In contrast, Figure 2d shows the BSEM image of the matrix of the GrF-25 composite. It can be seen that the matrix of the GrF-25 composite has a microstructure similar to that of the matrix of the MCMB-25 composite shown in Figure 2c. Meanwhile, it is found that the iron phase in the matrix of GrF-25 composite mainly exists in the form of a large amount of ferrite (i.e., pale gray region) and a small amount of pearlite (i.e., lamellar particles). Compared with the GrF-25 composite, there are more black/gray laminar particles in the matrix of the MCMB-25 composite. Upon further observation, it turns out that the black parts of these laminar particles in the MCMB-25 composite have larger total areas than those of the GrF-25 composite. This implies that the former contains more cementite than the latter.
To further prove this conclusion, the matrices of the two groups of composites were investigated by energy dispersive spectroscopy (EDS). The EDS analysis results (i.e., chemical distribution maps) are shown in Figure 3c–j. As can be seen from these figures, the matrix carbon content of the MCMB–Cu composite is higher than that of the GrF–Cu composite. These findings suggest that, during the preparation process of the MCMB–Cu composite, more carbon atoms diffuse from the MCMB into the matrix and react with the iron phase, thereby generating more cementite because MCMB might have higher carbon diffusion activity than that of GrF.

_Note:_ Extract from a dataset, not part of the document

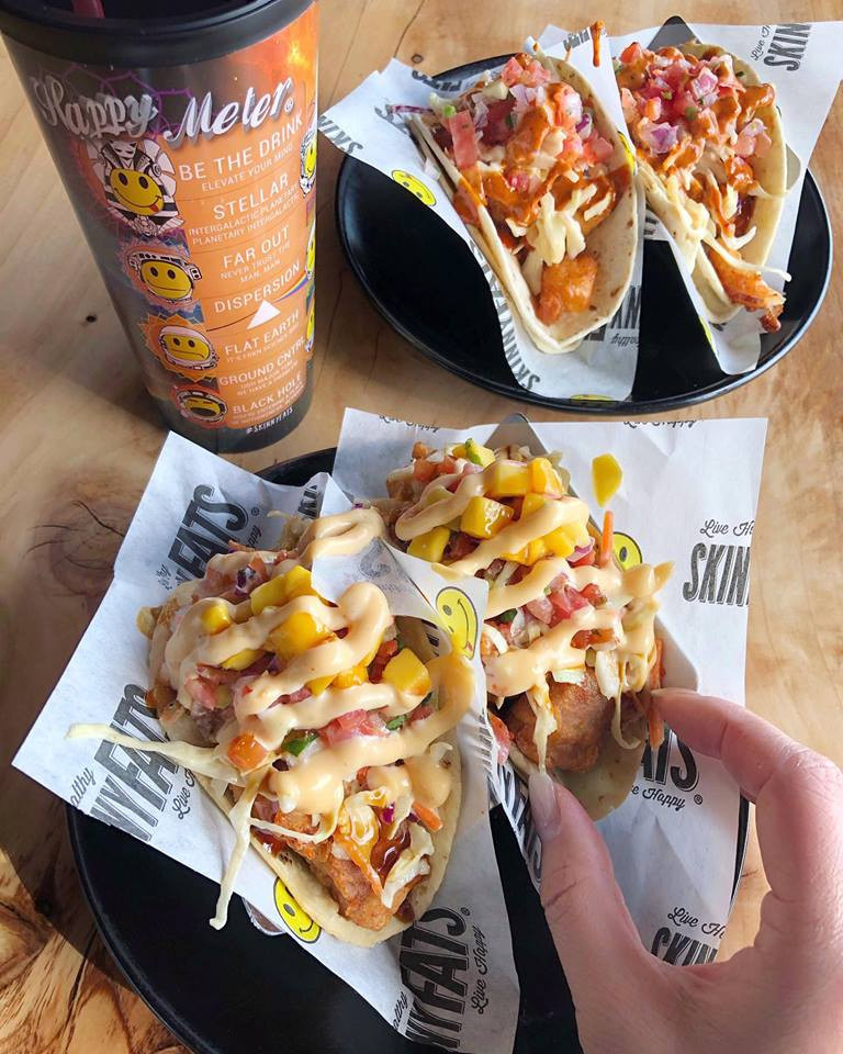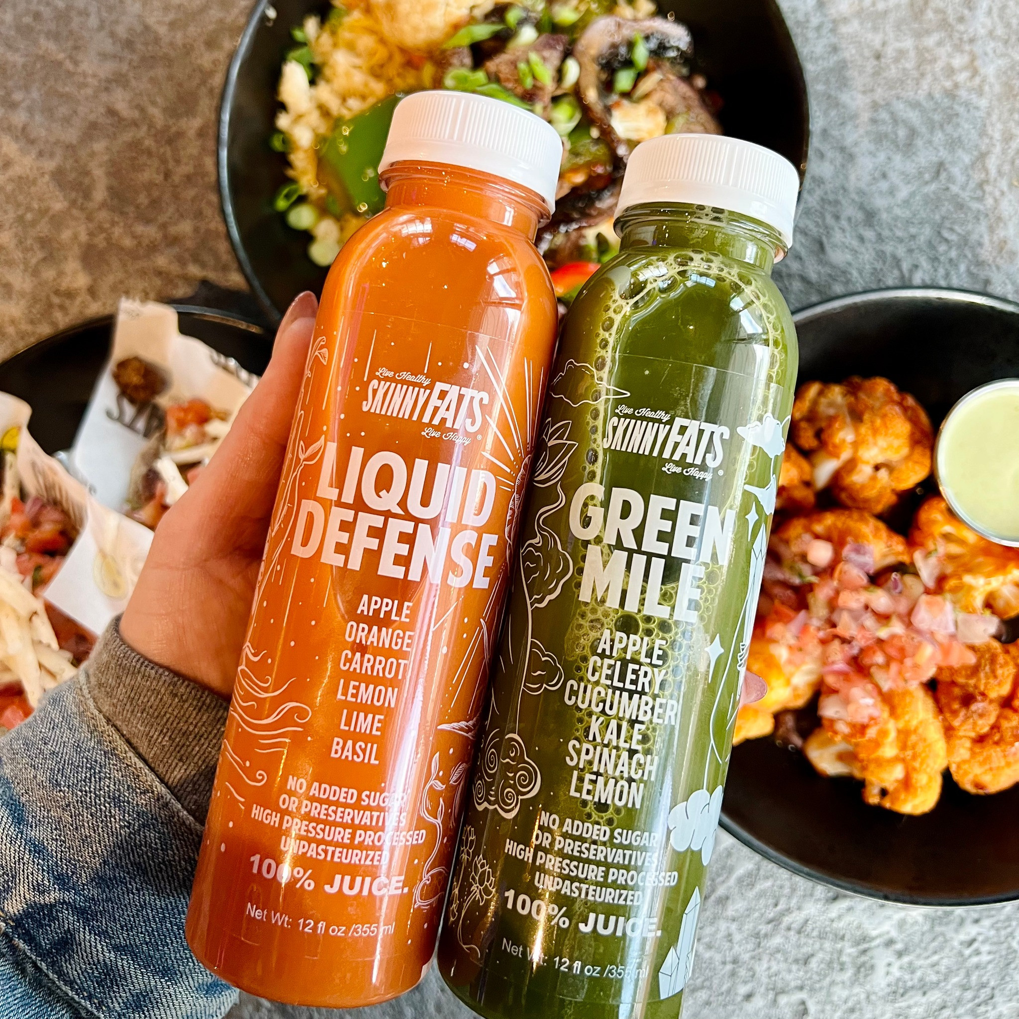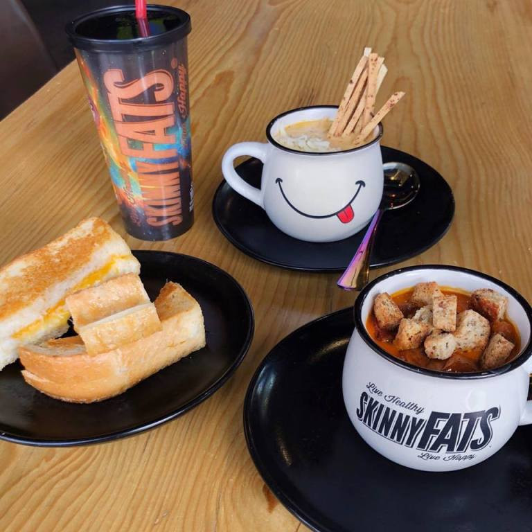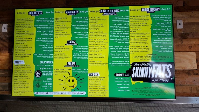SkinnyFATS apart from stodgy clean eating establishments. You ll know you re in for fun the moment you walk in the door and are greeted with a chorus of hello! and welcome! . That positive attitude is enhanced with colorful decor, carefully-selected music, and a relaxing, inviting design. The restaurants are counter-service style but you ll still feel pampered from the ordering process to your final bite.

To verify this conclusion, an MCMB(GrF)–Fe composite with a volume ratio (MCMBs or GrFs/Fe) of 1:3 was prepared by the preparation process used for the MCMB–Cu composites. The phases present in the composite could be identified by the Vickers microhardness test. Therefore, we measured the Vickers microhardness of the MCMB–Fe and GrF–Fe composites, and the corresponding microstructures are shown in Figure 4. Specially, the Vickers hardness values of the S points, F points, and remaining position are 978 Hv, 87 Hv, and 200–250 Hv, respectively. The diffusion of carbon atoms into the iron generates the formation of cementite, pearlite, and ferrite, and the corresponding standard hardness values are about 800 Hv, 180–250 Hv, and 80 Hv, respectively. Therefore, we concluded that the MCMB–Fe composite mainly consists of pearlite and cementite, while the composition of the GrF–Fe composite mainly includes ferrite and pearlite. Additionally, the chemical compositions of the S and F points were analyzed by EDS. The EDS analysis results are shown in Table 3. It can be seen that the carbon content of the S points is higher than that of the F points. These results confirm that more carbon atoms diffuse from the MCMB into the iron phase and generate more cementite, because MCMBs have a higher carbon diffusion capacity than that of GrF, which is an attribute that will be further discussed below.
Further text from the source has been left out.